Does DVC have any support for restricting access to the DVC repo in order to make sure data is not lost / corrupted?
The use case is this: We are a group of data scientists / developers working on the same data. Data is medical data. It is not allowed to leave our premises (i.e. it cannot be stored in the cloud). Data cannot be reproduced / recovered if lost. We are doing our day-to-day work on a number of machines (3 shared machines and our workstations). We are developing medical software so we are required to keep track of each and every change to the data and we must also be able to reproduce any software built 5 years back in time.
We currently have the following setup: All code is placed in a git repository.
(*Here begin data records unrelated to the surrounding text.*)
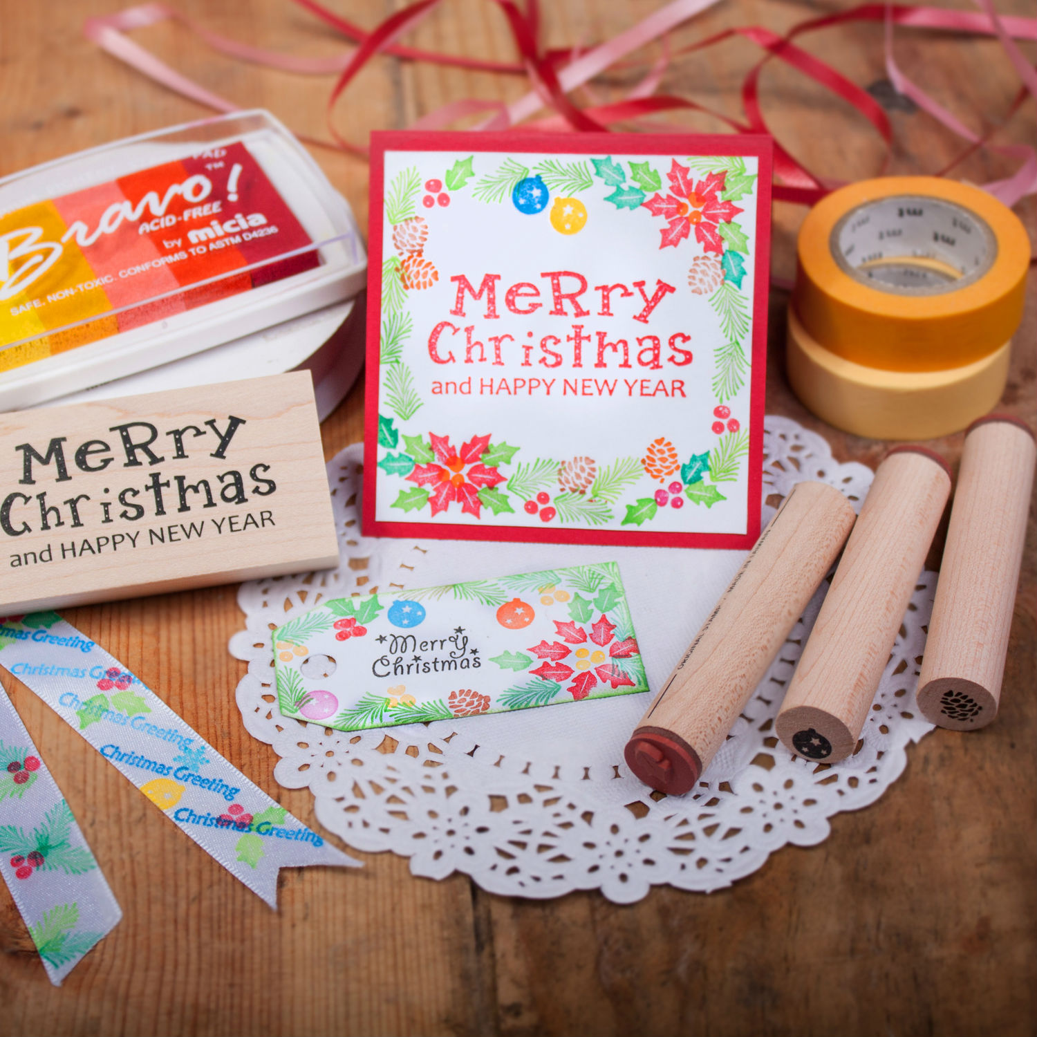 High-quality maplep-wood stamp, containing five cylindrical stamps and one or two rectangular stamp.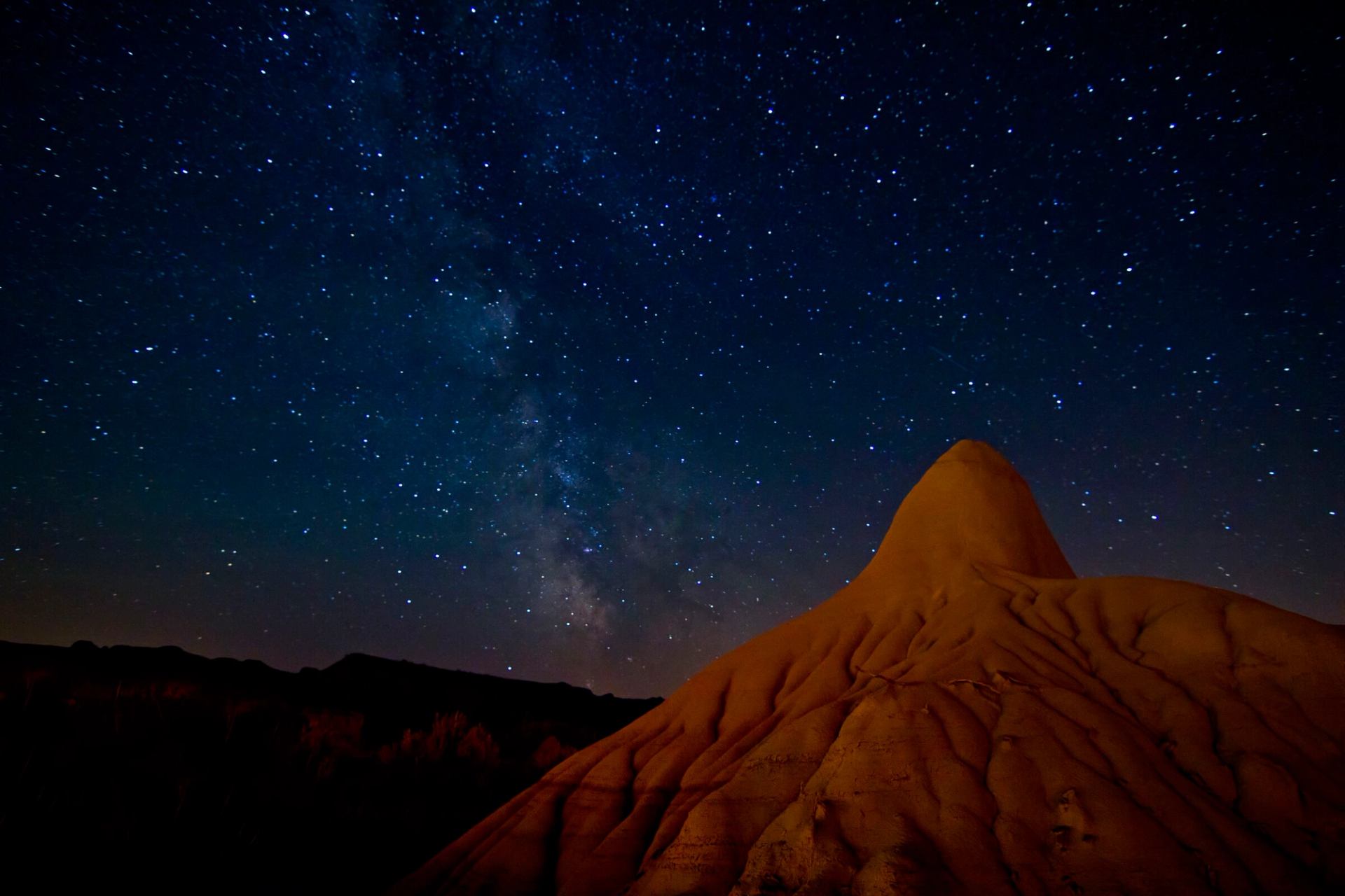 There exists a place where vermilion and indigo morning skies reflect off other-worldly banded hills, bathing the river valley with a welcoming radiance. Where the wind brings soothing scents of sage and sweetgrass from the rolling prairie plateaus. Where rattlesnakes sun themselves next to the fossils of giants and the raptors of today soar over the echoes of their ancestors. Where the coyotes serenade the sun as it dips below the horizon before a blanket of vibrant stars, unhindered by the lights of mankind. It’s a cosmic sight that will take your breath away.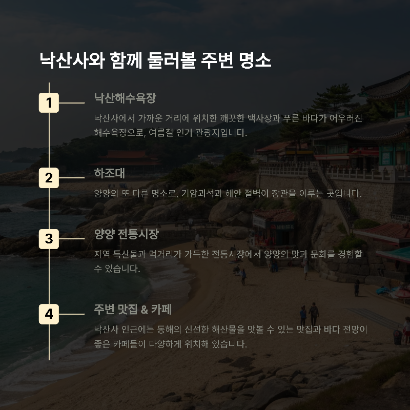낙산사에 가보신 적 있나요? 가장 인상 깊었던 명소나 추천 팁을 댓글로 남겨주세요. 더 많은 분들과 유용한 정보를 나누는 공간이 되었으면 합니다!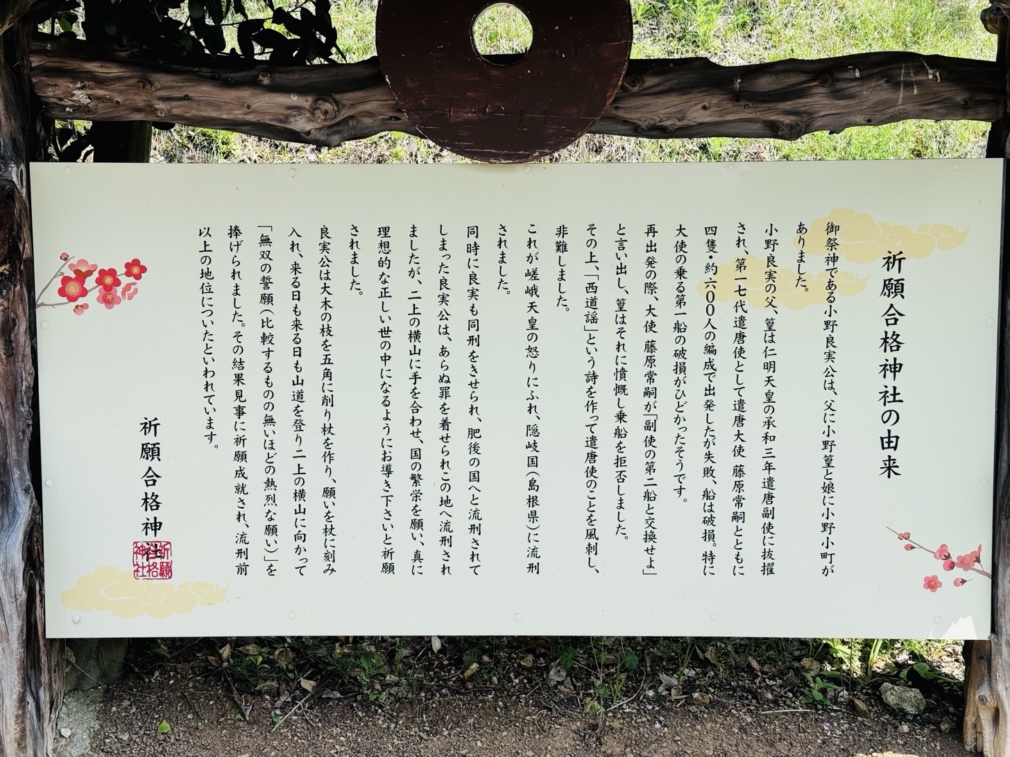小野小町のお父さん、ね。祈願成就を祈る、祈願合格棒というのがあって、それをいつも握りしめていると願いがかなうとのこと。そして祈願が成就するとお返しするのだそうです。

We have a number of DVC repos in our git repository. The DVC repos are all stored remotely on a NAS (with off-site backup). The nas is mounted in the same location on all machines. Remote storage is accessed via this mount point.
The problem is this: Since the remote storage is mounted on all machines and everyone needs to be able to dvc push to the remote storage, everyone needs to have write access directly into the DVC remote storage. This is very fragile. If someone accidentally deletes /mnt/nas/DVC all our data is lost. I guess the problem is the same even when storing data in the cloud.
Is there a way to restrict access to the remote storage such that only DVC can read/write the data?
I’m thinking: If DVC was running as a daemon with certain privileges (like the docker daemon) everything would be fine. Is something like this possible?